Why had her sister given up everything to join those religious fanatics? That’s how Keeley thought of the sects found throughout the land. They ruled the lives of their members and Keeley did not like that at all. The gods she chose to worship didn’t make her dress in any specific way. They didn’t ask her to give up her life for them. A few nonlethal sacrifices for the start of the planting season and to bless her most important weapons, and her gods seemed more than happy.
What she didn’t have to do was give up her entire family! That her gods never asked of her.
And Gemma had been raised the same way, their mother hoping the sisters would work the forge together. A true family business. It was a nice dream but not one that Keeley ever expected her sister to realize since she’d never loved blacksmithing the way Keeley always had. Keeley believed that people, when they could, should do what they loved. She loved working with steel, just as their father loved working his farm. Why would she ask Gemma to do something—anything—she didn’t love?
Yet locking herself away in some nunnery and giving up all freedom to appease some random god . . . ? That was something Keeley would never understand. Her sister deserved better.
But, after she’d turned sixteen, Gemma had suddenly disappeared one night before the winter frost, leaving nothing but a note for their parents to find.

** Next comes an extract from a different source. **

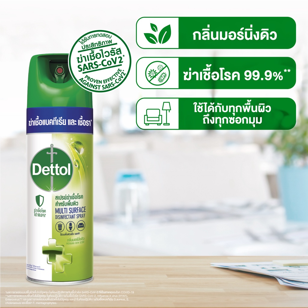 Dettol เดทตอล สเปรย์ฆ่าเชื้อเดทตอล สเปรย์ทำความสะอาด ดิสอินเฟคแทนท์ สูตรมอร์นิ่งดิว 450มล.X4

That was more than a decade ago, and none of them had seen her since. It was true, their parents had received a few letters here and there through the years, letting them know Gemma was safe and had left of her own free will. But no messages for Keeley or their other siblings. As if Gemma expected them to forget she’d ever been a part of the family. As if she wasn’t blood. Their blood.